Dusseldorf altro non è che un luogo di passaggio, dove poggiare i miei bagagli, aspettare un paio di amici riposando qualche minuto, per poi ripartire alla volta di Leverkusen. E’ quella la meta finale: la BayArena. Non è certamente lo stadio dove ho sempre sognato di andare. Diciamocelo, il Bayer mi ha sempre dato l’idea di essere una mera squadra aziendale con un seguito non troppo caloroso ed esemplare. Tuttavia c’è da dire che la compagine di proprietà della nota casa farmaceutica, può vantare storia e tradizione centenaria nel calcio tedesco. La fondazione risale esattamente al 1904. 112 anni in cui si sono scritte pagine sportive degne di nota. La Werkself (letteralmente “squadra della fabbrica”) è uno dei pochi club continentali che può vantarsi di aver vinto un titolo europeo (la Coppa Uefa) senza essersi mai laureata campione nazionale. Così come è l’unica squadra, mai detentrice del campionato di provenienza, ad aver giocato una finale di Champions League. Quella persa contro il Real Madrid, grazie a uno stratosferico gol di Zinedine Zidane.

Insomma, visto il calcio che siamo abituati a vivere in Europa, con società spesso davvero senza storia e tradizioni che si avvicinano ai gradini alti delle competizioni, esclusivamente grazie ai propri possedimenti economici o alle giuste conoscenze tra le alte sfere di questo sconquassato sport, sarà pure la squadra figlia di un’azienda, ma ha storia ed è radicata di tutto diritto nel football continentale.

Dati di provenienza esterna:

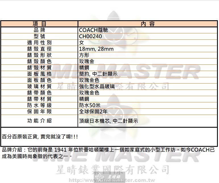 COACH蔻馳 CH00240 女錶 18mm/28mm 方形錶殼玫瑰金色,精鋼材質打造,搭載石英機芯,簡約中二針面板設計,強化型水晶玻璃保護,玫瑰金色精鋼錶帶堅固耐用,防水50米,全球保固2年,頂級日本機芯原廠限量款,讓每一次佩戴都安心。 COACH蔻馳 CH00240 女錶 18mm/28mm 專為女性設計的方形小巧錶殼,精鋼玫瑰金色澤低調優雅,搭配簡約中二針面板,實用與美感兼具,雖不是市場最便宜,但品質穩定可靠。 COACH蔻馳 CH00240 女錶 18mm/28mm 石英機芯精準走時,精鋼方形錶殼耐磨防刮,強化型水晶玻璃提升使用壽命,玫瑰金錶帶手感舒適,適合日常與正式場合佩戴,彰顯細膩品味。 COACH蔻馳 CH00240 女錶 18mm/28mm 的方形錶殼設計小巧典雅,面板玫瑰金色與錶帶呼應,防水50米讓生活中偶遇水花無需擔心,雖價格不低,但每個細節都顯示出精良工藝。 COACH蔻馳 CH00240 女錶 18mm/28mm 採用頂級日本石英機芯,中二針顯示清晰實用,精鋼錶殼與錶帶經典玫瑰金色,限量款保有獨特性,品質穩定可靠,肩負每一次準確記時的使命。 COACH蔻馳 CH00240 女錶 18mm/28mm 面板簡約,讀時便利,精鋼錶殼與錶帶搭配玫瑰金色調,既耐用又低調時尚,防水50米設計貼近日常生活需求,雖非最便宜,但值得每一分投資。 COACH蔻馳 CH00240 女錶 18mm/28mm 方形錶殼精緻小巧,精鋼材質與強化型水晶玻璃保障使用耐久度,玫瑰金色系與簡約面板設計融為一體,限量原廠款更顯珍藏價值。 COACH蔻馳 CH00240 女錶 18mm/28mm 精鋼錶帶搭配錶殼,質感細膩,防水50米讓日常佩戴更安心,簡約中二針面板清楚易讀,雖價格非最低,但工藝與可靠性讓它值得信賴。 COACH蔻馳 CH00240 女錶 18mm/28mm 擁有玫瑰金色精鋼方形錶殼與錶帶,面板中二針顯示清晰實用,日本頂級石英機芯穩定耐用,原廠限量款,呈現細膩品質與精良工藝。 COACH蔻馳 CH00240 女錶 18mm/28mm 無論日常辦公或外出社交,方形精鋼錶殼與玫瑰金色錶帶都能展現優雅品味,防水50米與全球保固2年保障使用安心,雖價格略高,卻是一款務實耐用的精品之選。

Modelli a confronto: intelligenza contro ottusità

Si parla spesso di modelli esteri da applicare in Italia. Soprattutto quando si vuole screditare tutto ciò che si ha sotto mano, oppure giustificare i tanti colpi di spugna dati da una repressione infima ed infame. Bene, quando ci si orienta oltre le Alpi, andrebbero presi in considerazione gli aspetti davvero positivi. Senza millantare su cose mai viste. Un esempio su tutti? Un biglietto per il settore ospiti della BayArena costa appena 15 Euro (se si pensa al potere d’acquisto dei tedeschi, e soprattutto ai loro stipendi, si può tranquillamente evincere che è come se in Italia l’Olimpico costasse, invece che minimo 45 Euro in Champions League, 5 Euro. Ah, alla BayArena si vede la partita. A Roma ci vuole il binocolo).

Chiaramente incluso nel tagliando c’è anche il viaggio in treno da Dusseldorf o Colonia, luoghi dove hanno albergato la maggior parte dei tifosi romanisti. Ma sia chiaro che questo vale per chiunque acquisti un biglietto per il match. Ve lo immaginate se in Italia la Juventus, piuttosto che la Roma, vendessero biglietti con annessi trasporti pubblici? Quando si parla di riportare le famiglie allo stadio e di civiltà attorno agli eventi sportivi, si prendano ad esempio questi aspetti, anziché vietare e proporre ai supporter tessere poliziesche, prezzi da Principato di Monaco e servizi da Somalia. Con tutto il rispetto per la Somalia.

Lerverkusen si trova nella popolosa e laboriosa Renania Settentrionale-Vestfalia, da sempre uno dei cuori pulsanti a livello economico e lavorativo della Germania. In un piccolo fazzoletto di territorio sono radunate tantissime città che agli amanti del calcio non suonano certo sconosciute: Colonia, Dortmund, Leverkusen, Dusseldorf, Duisburg, Gelsenkirchen, Monchengladbach, Bochum e, per l’appunto, Leverkusen. Non a caso il viaggio in treno dura giusto un quarto d’ora. Pur conoscendo un po’ la Germania e la sua mentalità nella gestione degli eventi sportivi, rimango sempre sorpreso dalla tranquillità e dalla compostezza con cui la polizia gestisce l’afflusso e il deflusso dei tifosi. Non ci sono camionette alla stazione pronte alla guerra mondiale, né eserciti armati fino ai denti come avviene da noi. Paradossalmente i tedeschi, in questo frangente, sono molto più flessibili e permissivi di noi. Fin quando non si superano i limiti.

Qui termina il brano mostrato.